- Task directions -
From the line containing "自2023年3月16日首根樁" down to the last line of the listing, quote everything word for word, and nothing else, keeping pictures out.

Dataset excerpt below:

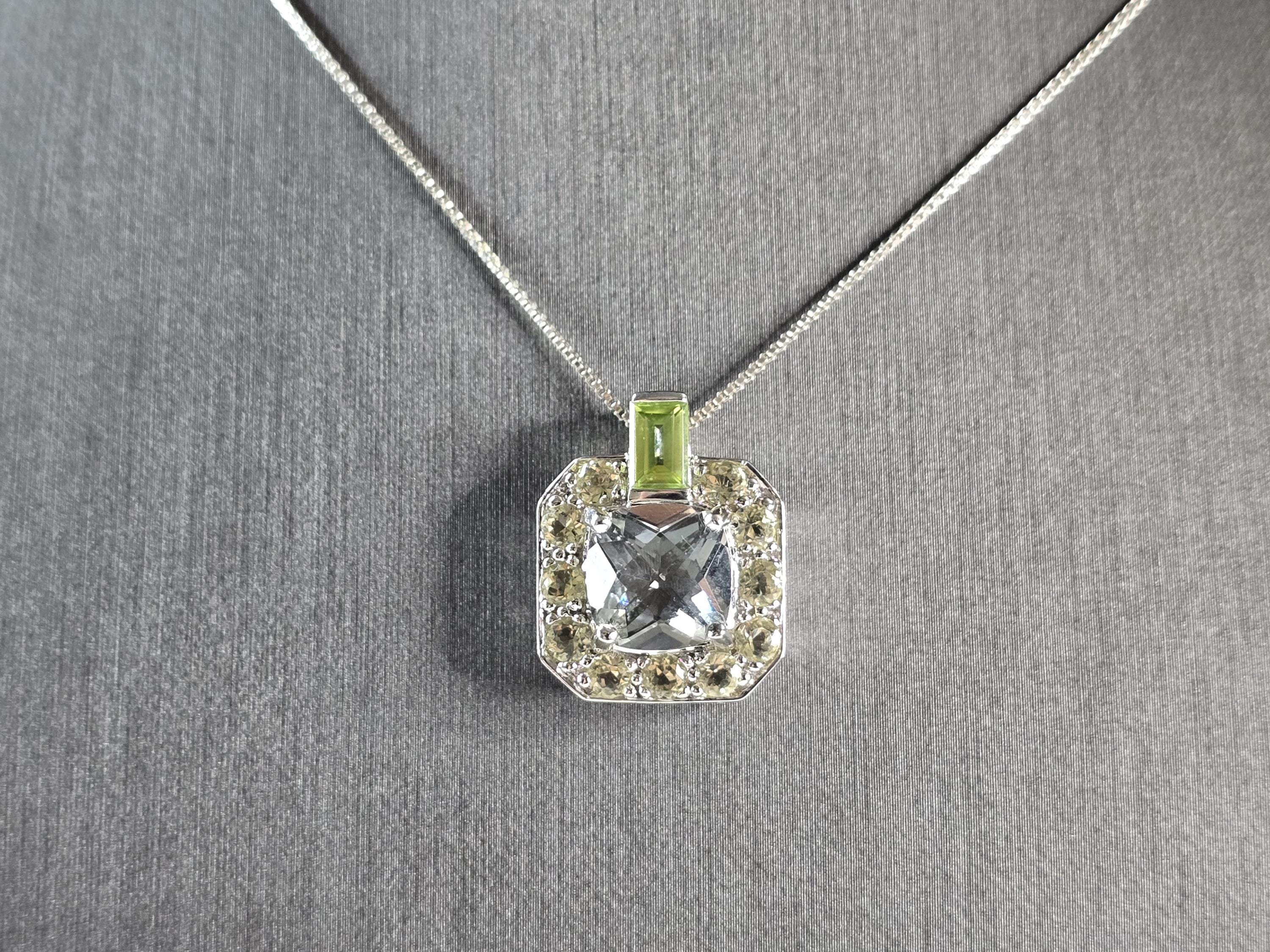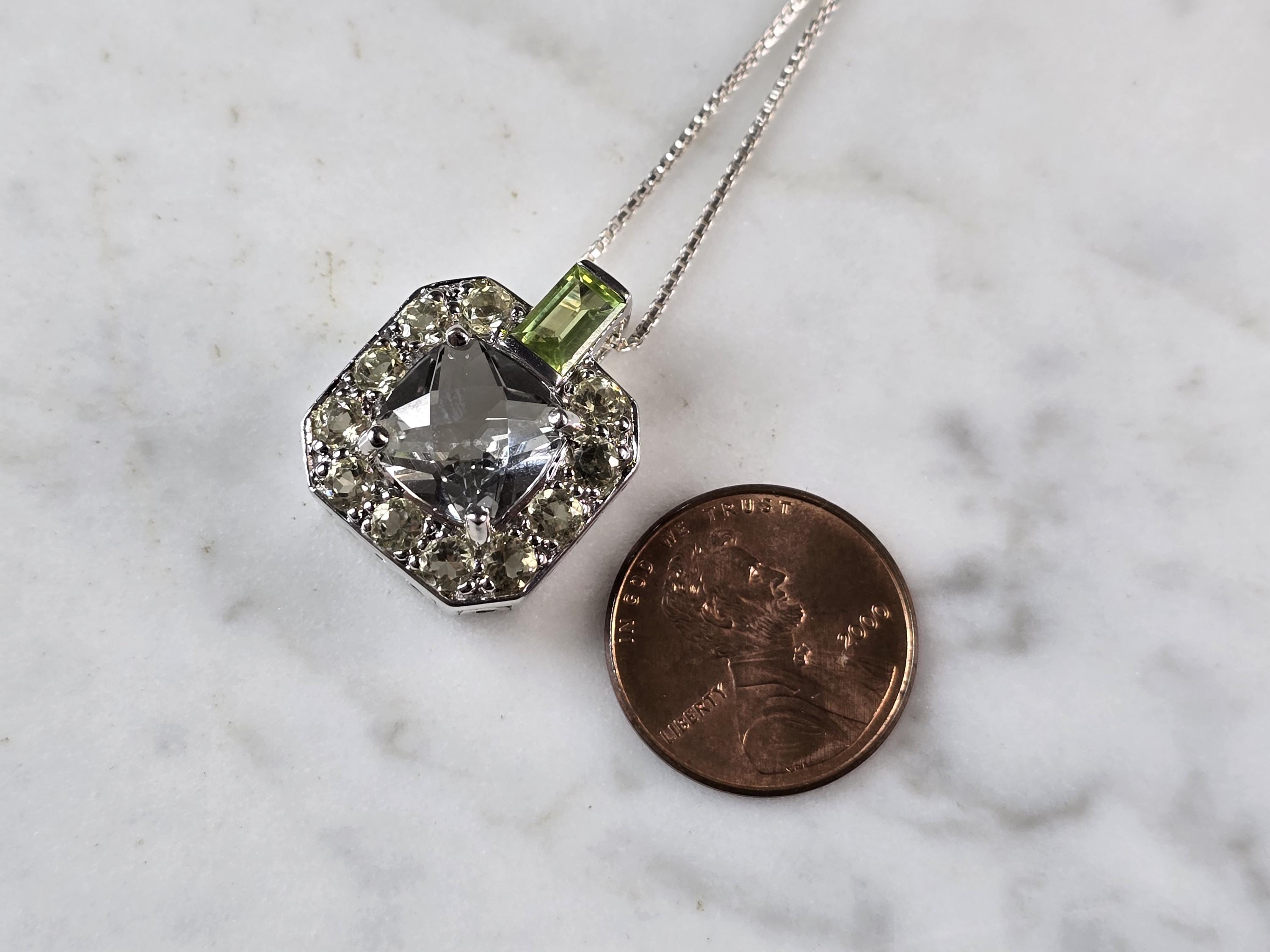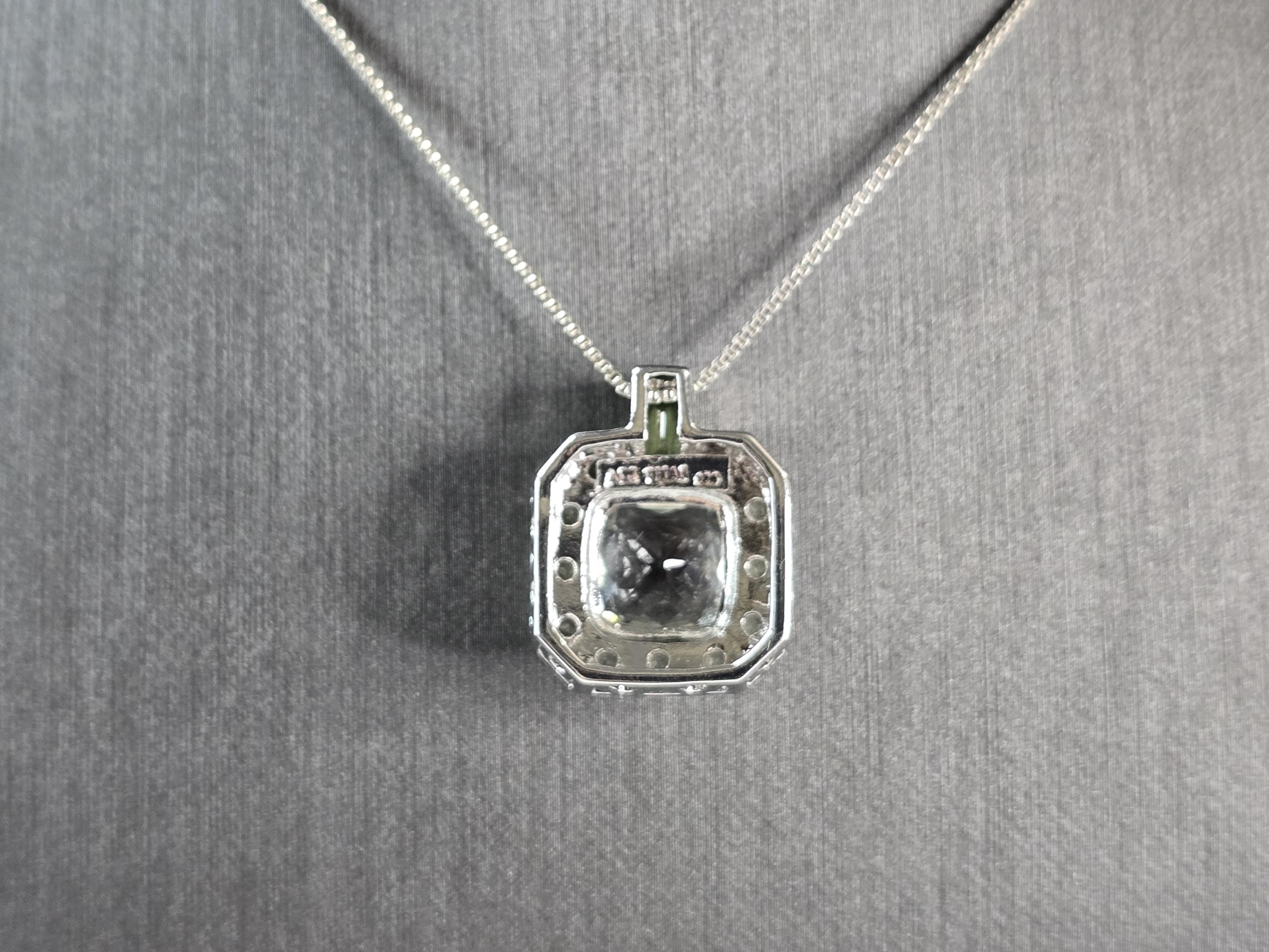 A WOMENS VINTAGE ESTATE STERLING SILVER CZ, PERIDOT COLORED PENDANT NECKLACE. NOT SURE IF THE STONES IS NATURAL OR MAN MADE. THE TOTAL WEIGHT IS 9.0g. NECKLACE MEASURES 18" LONG, AND THE PENDANT IS 7/8" BY 5/8". MAKES A GREAT GIFT FOR THAT SPECIAL SOMEONE. ANY QUESTIONS PLEASE DONT HESITATE TO ASK. BE SURE TO CHECK OUT SOME OF MY OTHER GREAT ITEMS UP FOR SALE. THANK YOU.
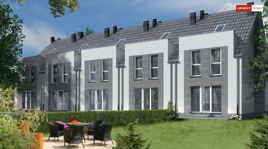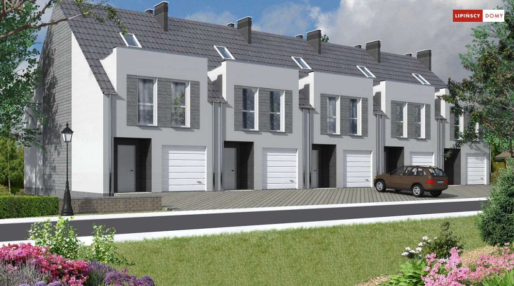 Projekt wąskiego domu do zabudowy szeregowej z dużym poddaszem oraz studiem na trzeciej kondygnacji. Szerokie lukarny na poddaszu powiększaja przestrzeń użytkową, także do dyspozycji jest niemal pełna kondygnacja z trzema sypialniami i dużą łazienką. Na parterze znajduje się salon z aneksem kuchennym, wc z piecem c.o. oraz garaż. Przestrzeń na trzeciej kondygnacji można dowolnie zagospodarować, bo do dyspozycji jest prawie 30 m kw. Projekt przewiduje dużą powierzchnię szaf w zabudowie.
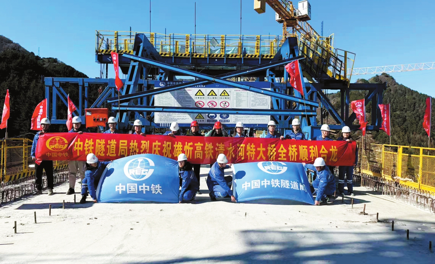 自2023年3月16日首根樁基開鉆以來,中鐵隧道局集團(tuán)建設(shè)團(tuán)隊晝夜奮戰(zhàn),始終秉持“超前策劃、高效執(zhí)行”的建設(shè)理念。為保障施工安全與工程質(zhì)量,團(tuán)隊多次邀請國內(nèi)橋梁領(lǐng)域?qū)<疑钊氍F(xiàn)場踏勘,開展技術(shù)論證,針對不同施工方法量身定制專項安全方案,有效化解施工難度大、安全風(fēng)險高、工期任務(wù)緊等多重挑戰(zhàn),最終嚴(yán)格按照既定計劃圓滿完成全橋合龍,展現(xiàn)了高鐵建設(shè)的“中國速度”與“中國質(zhì)量”。
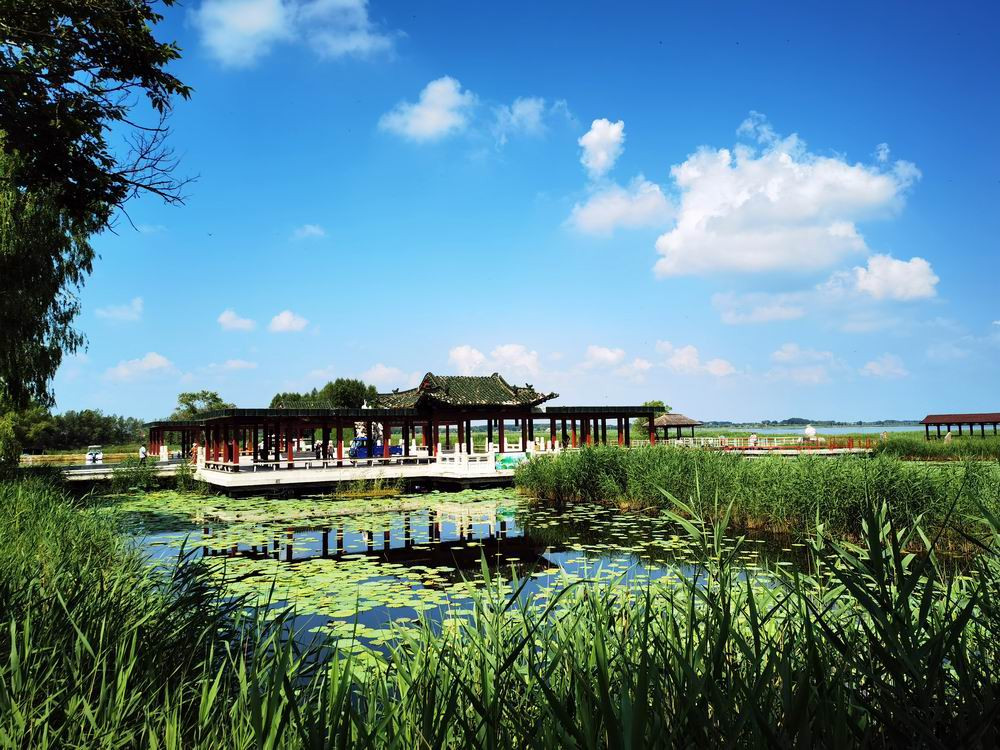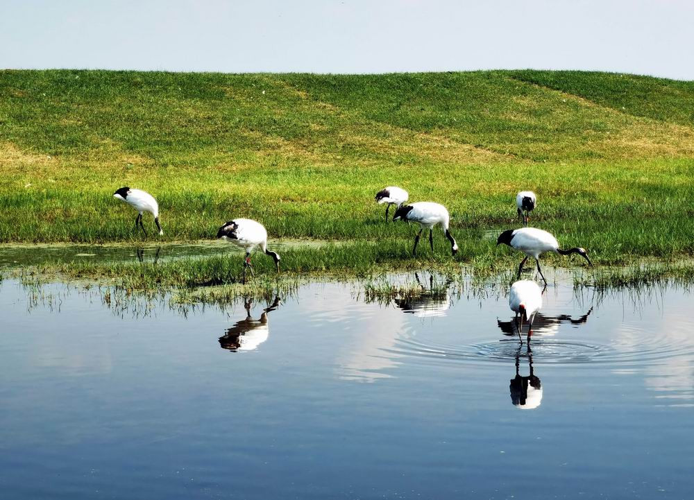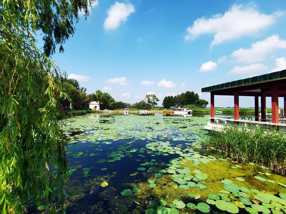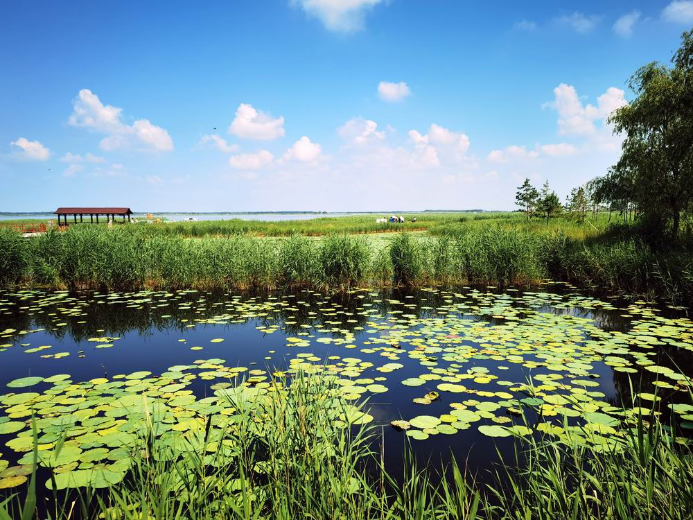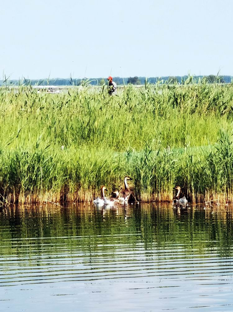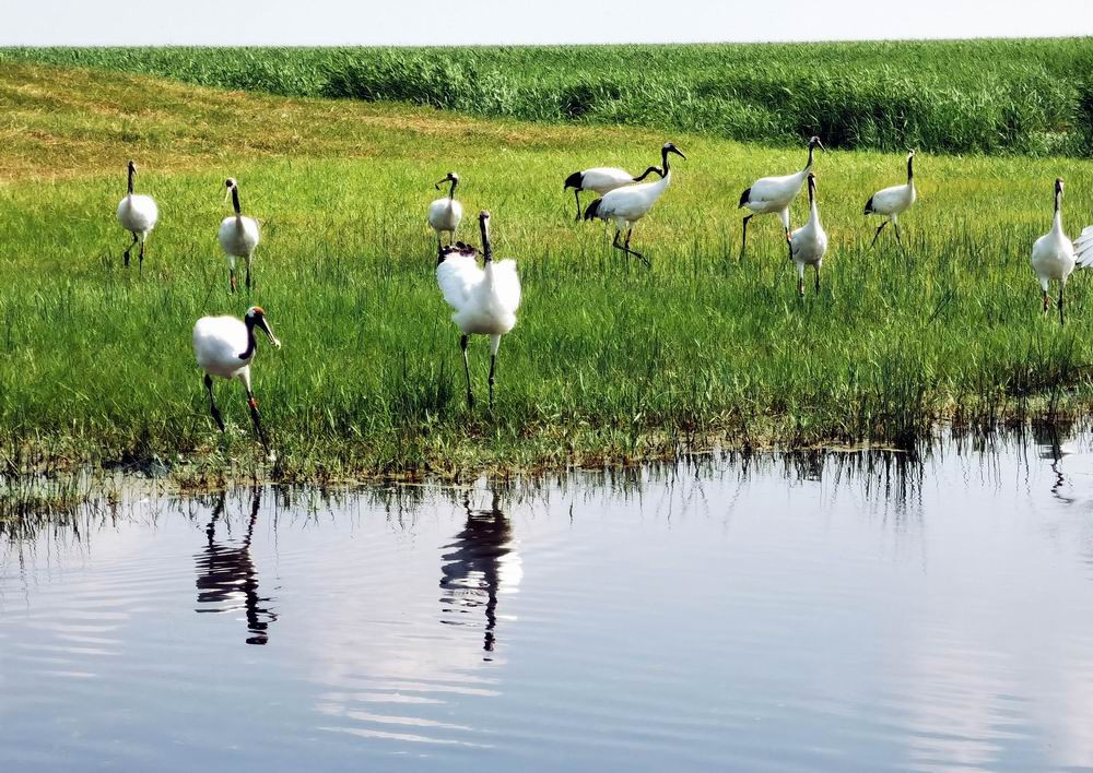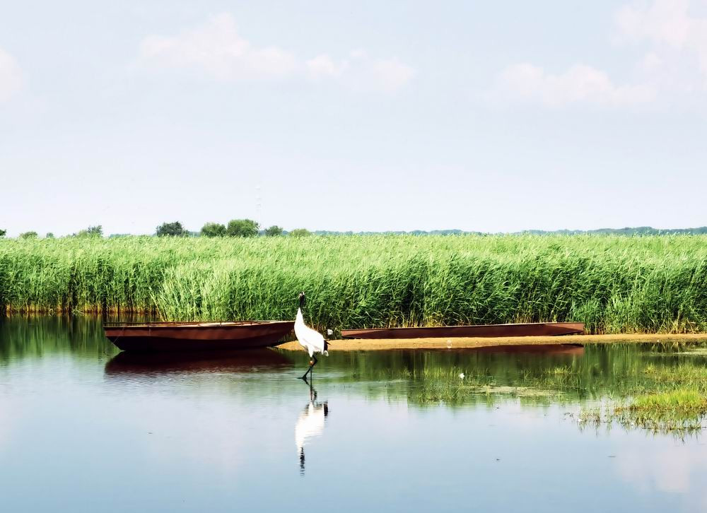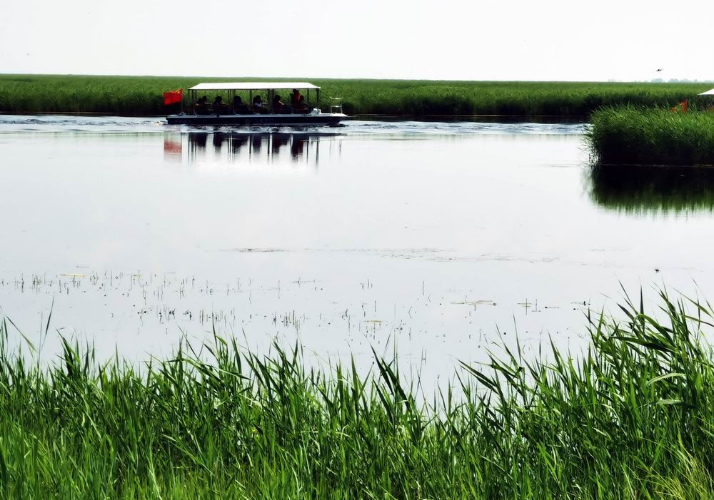 一路上看河道纵横,湖泊、沼泽星罗棋布,道路两旁满是绿油油的芦苇和各种禽鸟,美不胜收。

End of Dataset excerpt.

- Solution to the problem -
 自2023年3月16日首根樁基開鉆以來,中鐵隧道局集團(tuán)建設(shè)團(tuán)隊晝夜奮戰(zhàn),始終秉持“超前策劃、高效執(zhí)行”的建設(shè)理念。為保障施工安全與工程質(zhì)量,團(tuán)隊多次邀請國內(nèi)橋梁領(lǐng)域?qū)<疑钊氍F(xiàn)場踏勘,開展技術(shù)論證,針對不同施工方法量身定制專項安全方案,有效化解施工難度大、安全風(fēng)險高、工期任務(wù)緊等多重挑戰(zhàn),最終嚴(yán)格按照既定計劃圓滿完成全橋合龍,展現(xiàn)了高鐵建設(shè)的“中國速度”與“中國質(zhì)量”。
 一路上看河道纵横,湖泊、沼泽星罗棋布,道路两旁满是绿油油的芦苇和各种禽鸟,美不胜收。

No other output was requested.